As part of the 2010 Shanghai Expo, Ohel Rachel Synagogue was reopened for regular Shabbat services as well, despite Judaism continuing to be an unrecognized religion in China. The site—still part of the grounds of the Shanghai Ministry of Education—was open by reservation for services on Friday evenings and Saturday mornings, while weekday observances were held elsewhere. By 2013, however, Ohel Rachel was again only available for major holidays, prompting protest from the visiting House majority leader Eric Cantor (R-VA), at the time the highest-ranking elected Jewish official in American history.

==Conservation==
Ohel Rachel and Ohel Moshe are the only two synagogues of old Shanghai that still stand, out of the original six.

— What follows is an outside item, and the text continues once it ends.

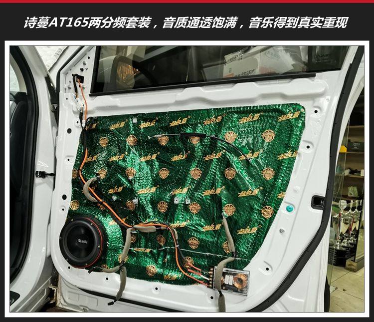 车门隔音降噪处理,里外钣金粘贴大能隔音止振材料,提升钣金扎实度、阻隔风噪;隔音之后车门就像一个音箱,它为喇叭提供一个非常好的工作环境。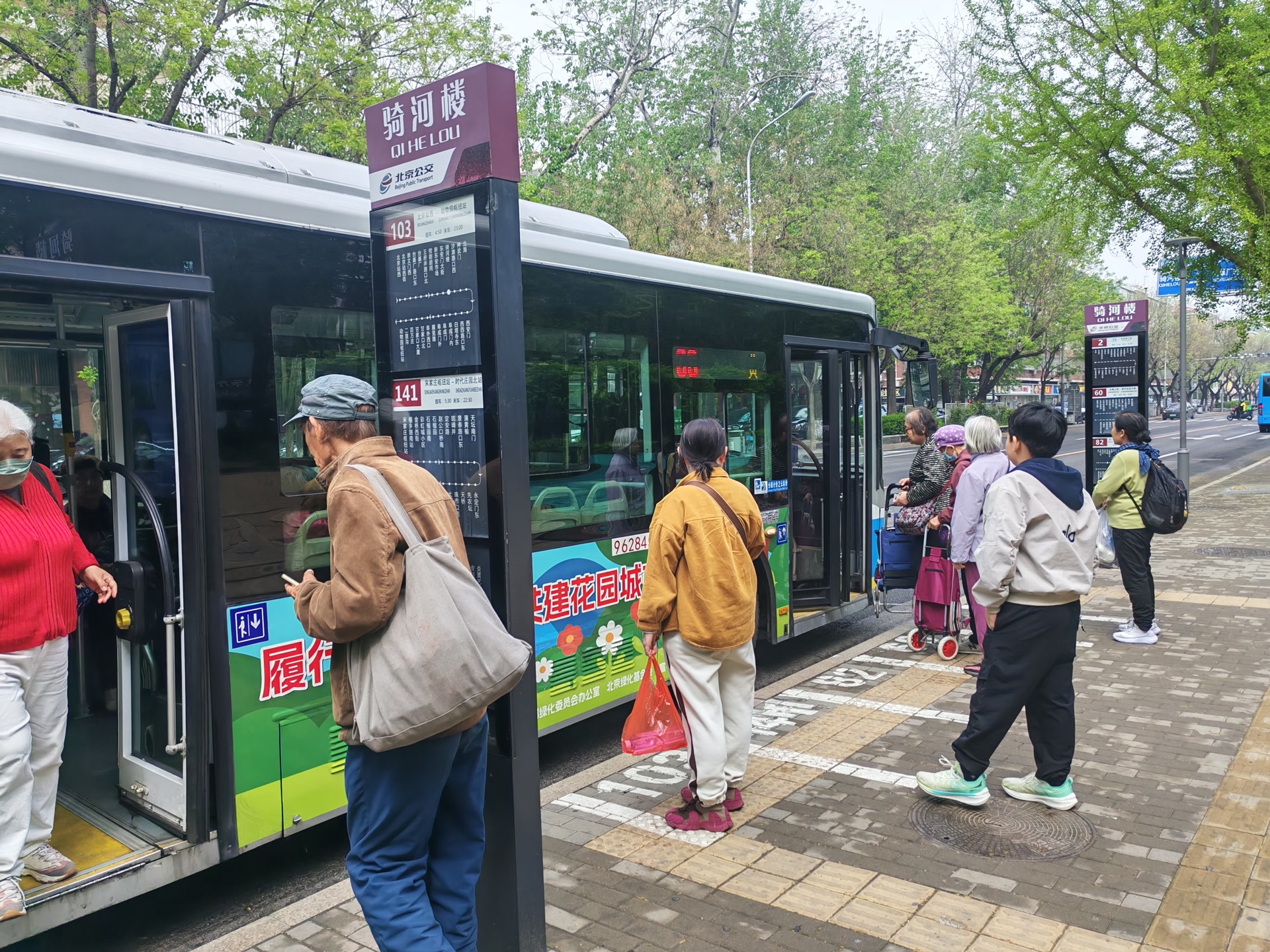 骑河楼公交站主要有103路、60路、141路、82路、2路等车次。当天,候车乘客主要是附近居民和周边旅游的人。张女士走后,一手拄拐、一手拎东西的莫大爷也来到站点候车。大爷在现场站立了两三分钟,就把拐杖扔在一边,在站台后方的路缘石上坐了下来。大爷走后约十分钟,一名中年男子在候车时,同样坐在了路缘石上。

On 18 March 1994, the Shanghai municipal government declared the Ohel Rachel Synagogue a protected architectural landmark of the city, but it continued to be used as an office and storage space until 1998. The synagogue was included on the 2002 World Monuments Watch List of the 100 Most Endangered Sites in order to provide assistance to the local Jewish community's efforts to address Ohel Rachel's structural problems, including invasive vegetation and a leaking roof, and to restore it to its 1920 appearance. The fund's Jewish Heritage Program provided a grant to assist with documenting the site and establishing a long-term management plan. It was included on the 2004 list as well, although mostly to "maintain awareness" of the project.

== See also ==

- History of the Jews in China
- List of synagogues in Shanghai
- Ohel Leah Synagogue, Hong Kong, also funded by the Sassoon family

==Bibliography==
- Bracken, Gregory Byrne (2010). "A Walking Tour of Shanghai: Sketches of the City's Architectural Treasures"
- Ember, Carol R. (2005). "Encyclopedia of Diasporas: Immigrant and Refugee Cultures Around the World"
- Meyer, Maisie J. (2008). "Baghdadi Jews, Chinese 'Jews', and Chinese"
- Pan, Guang (2008). "Jews in China: Legends, History, and New Perspectives"
- Ristaino, Marcia Reynders (2003). "Port of Last Resort: The Diaspora Communities of Shanghai"
- Wright, Arnold (1908). "Twentieth Century Impressions of Hongkong, Shanghai, and Other Treaty Ports of China"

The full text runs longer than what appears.